The title might not be clear enough because I don’t know how to define my questions actually.
I understand Pthread is a thread library meeting POSIX standard (about POSIX, see wikipedia: http://en.wikipedia.org/wiki/Posix). It is available in Unix-like OS.
About thread, I read that there are three different models:
User level thread: the kernel does not know it. User himself creates/implements/destroy threads.
Kernel level thread: kernel directly supports multiple threads of control in a process.
Light weight process(LWP): scheduled by kernel but can be bounded with user threads.

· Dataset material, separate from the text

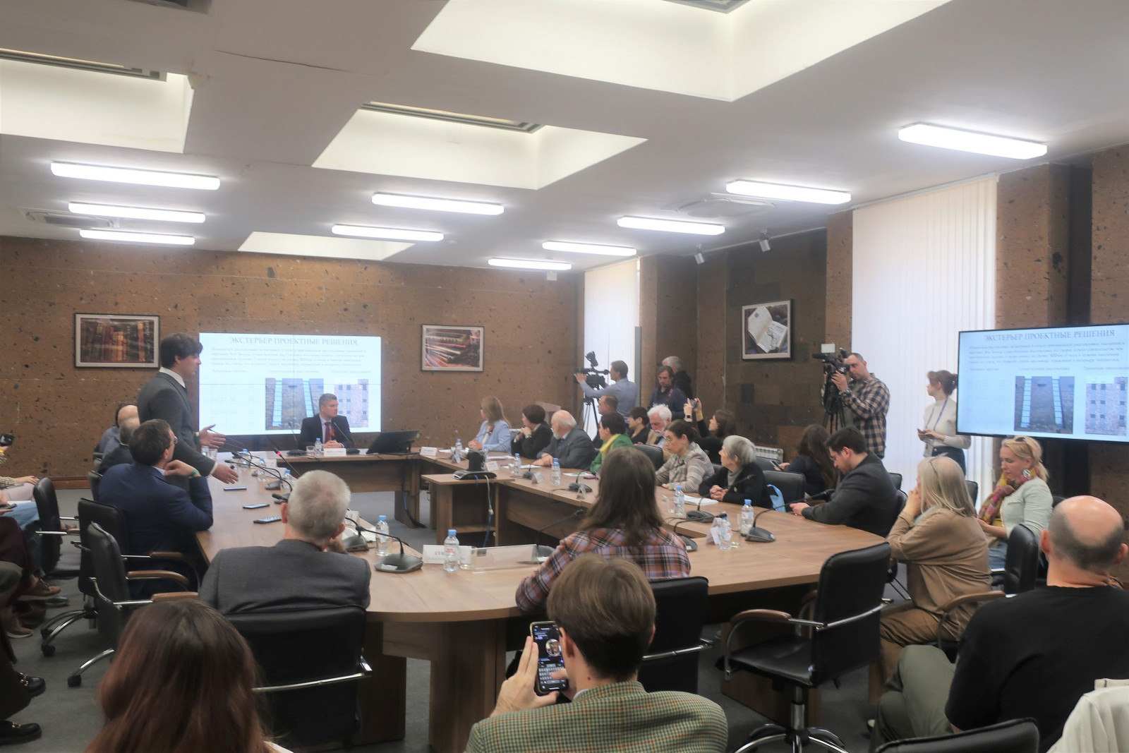 Начались вопросы из зала. Архитекторы обсуждали детали, предлагали возможные варианты решений, делали акцент на необходимости максимального сохранения первоначального облика здания и авторского замысла. Представители строительной отрасли в ответ говорили о нормативах, материалах, технических условиях.

Did you see my confusion? When I call pthread_create() to create a thread, did I create a user level thread? I guess so. So can I say, Pthread offers a user level solution for threads? It can not manipulate kernel/LWP?

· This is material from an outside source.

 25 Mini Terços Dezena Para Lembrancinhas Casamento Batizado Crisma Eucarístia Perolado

Yes. Actually, "Pthreads" stands for "Posix threads":
http://en.wikipedia.org/wiki/Pthreads
Actually, it’s available for many different OSs … including Windows, MacOS … and, of course, Linux, BSD and Solaris.

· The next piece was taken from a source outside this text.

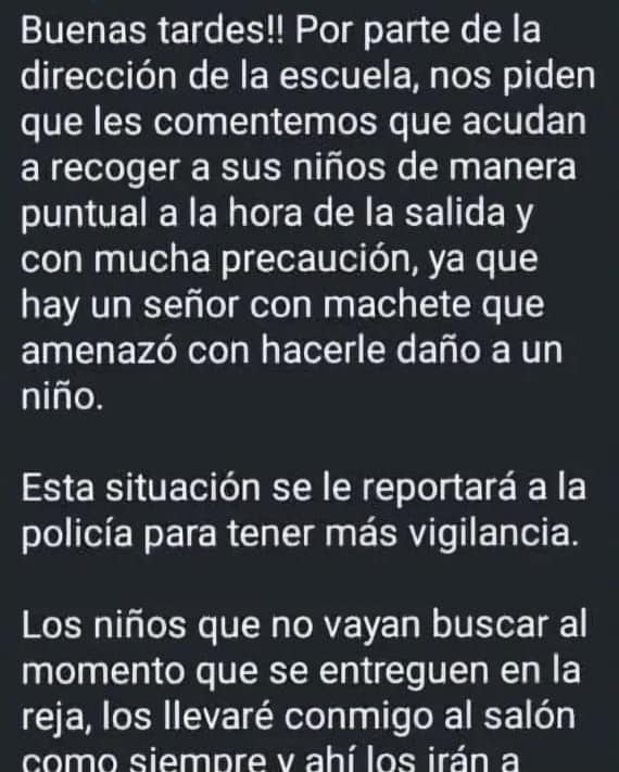 El mensaje advertía a los padres sobre la presencia de un hombre que supuestamente había amenazado con hacerle daño a un menor, por lo que se recomendaba recoger a los niños con precaución. También se mencionaba que la situación había sido informada a la policía.

Now you’re getting fuzzy. "Threads" is a very generic term. There are many, many different models. And many, many different ways you can characterize and/or implement "threads". Including stuff like the Java threading model, or the Ada threading model.
Yes: Just about everything you do in user space is "protected" in your own, private "user space".
No. The kernel knows everything 🙂
Yes, there is such a thing as "kernel threads".
And, as it happens, Linux makes EXTENSIVE use of kernel threads. For example, every single process in a Linux system is a "kernel thread". And every user-created pthread is ALSO implemented as a new "kernel thread". As are "worker threads" (which are completely invisible to any user-level process).
But this is an advanced topic you do NOT need to understand in order to effectively use pthreads. Here’s a great book that discussed this – and many other topics – in detail:
Linux Kernel Development, Robert Love
Remember: "Pthreads" is an interface. How it’s implemented depends on the platform. Linux uses kernel threads; Windows uses Win32 threads, etc.
Addendum
Since people still seem to be hitting this old thread, I thought it would be useful to reference this post:
"Pthreads" is a library, based on the Posix standard. How a pthreads library is implemented will differ from platform to platform and library to library.